Wie jede andere Ultraschalluntersuchung arbeitet auch die Duplexsonografie mit Ultraschallwellen, die ein „Schallkopf“ in den Körper sendet. Diese Schallwellen werden je nach Struktur und Dichteunterschieden der getroffenen Organe mehr oder weniger stark reflektiert. Das Gerät fängt die reflektierten Schallwellen über den Schallkopf wieder auf. Aus den Daten produziert es auf einem Monitor ein Abbild der inneren Organe und anderer Körperstrukturen. Soweit entspricht die Methode dem herkömmlichen Ultraschall.

Darüber hinaus liefert die Duplexsonografie aber noch weitere Zusatzinformationen.
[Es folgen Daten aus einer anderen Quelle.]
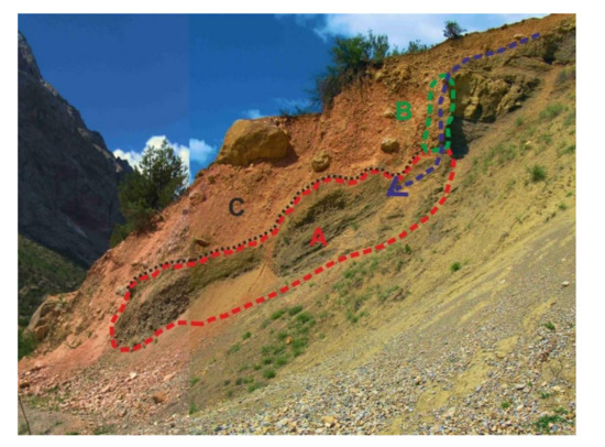 The angled position of layers indicates a depositional environment under the conditions of flowing subnival waters (Figure 4A). Section A of the displaced sediment consists of gravel and stones, as well as a sandy-loamy material. Larger rock clasts are arranged irregularly (Figure 5) and there is no imbrication nor orientation there. Such an arrangement of the layers proves that the material was heavily saturated with water and displaced in a suspended form, and it was not deposited by fast-flowing water, because high energy of water would cause better separation. However, the amount of water causing this process must have been significant, since it enabled such large rock clasts to be displaced.
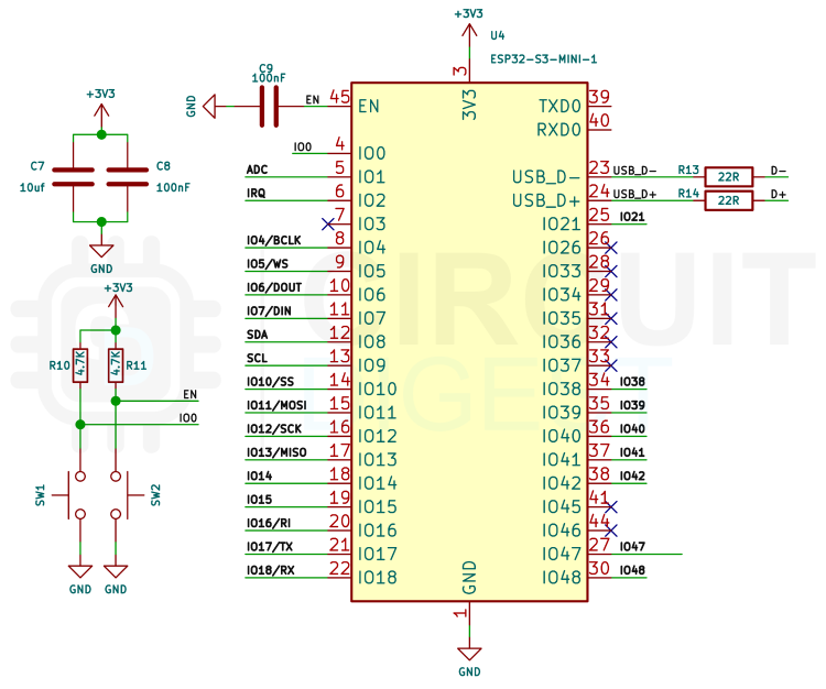 The ESP32-S3-MINI-1 module lands on the one edge of the PCB. Its boot and reset buttons (SW1 on IO0, SW2 on EN) are accessible for firmware flashing. The USB D+ and D− signals from the USB-C connector (J1) route through 22 Ω series resistors (R13/R14 and R22/R23) directly to the ESP32-S3’s internal USB-Serial/JTAG controller – no separate USB-to-UART bridge IC is needed, reducing component count and cost. All the GPIOs that were used internally for the flash and PSRAM are left unconnected. All remaining available GPIOs are brought out to the expansion header for user convenience.

Sie macht in den Gefäßen und Organen auch den Blutstrom sicht- und hörbar und ermittelt seine Geschwindigkeit. Dabei misst sie den sogenannten Dopplereffekt: Auf den Schallkopf zufließendes Blut wirft verkürzte Schallwellen zurück, vom Schallkopf wegfließendes Blut längere Schallwellen. Mit dem von uns verwendeten Gerät kann man somit leicht zwischen dem venösen (sauerstoffarmen) und dem arteriellen (sauerstoffreichen) Blut differenzieren. Das Blut in den Venen wird hierbei mit blauer Farbe visualisiert, das arterielle Blut wird rot dargestellt. Ultraschalltechniken, die diesen Effekt nutzen, heißen Dopplersonografie. „Duplex“ (doppelt) nennt man diese Untersuchung dann, wenn sie zwei Bilder übereinanderlegt – das normale Ultraschallbild und das einer farbkodierten Dopplersonografie.

Dadurch können Blutgerinnsel wie beispielsweise eine Thrombose in den tiefen Beinvenen, aber natürlich auch in den oberflächlichen Beinvenen (Thrombophlebitis), dargestellt und erkannt werden. Ebenso können Krampfader-Erkrankungen in den Beingefäßen sehr genau diagnostiziert werden. Man erhält ein Abbild der Gefäßstrukturen in den Beinen mit all seinen Verzweigungen und Venenästen. Es lässt sich genau sagen, wo sog. Dilatationen, also Erweiterungen liegen, die in Krampfadern übergehen können, oder wo Venenklappen defekt sind.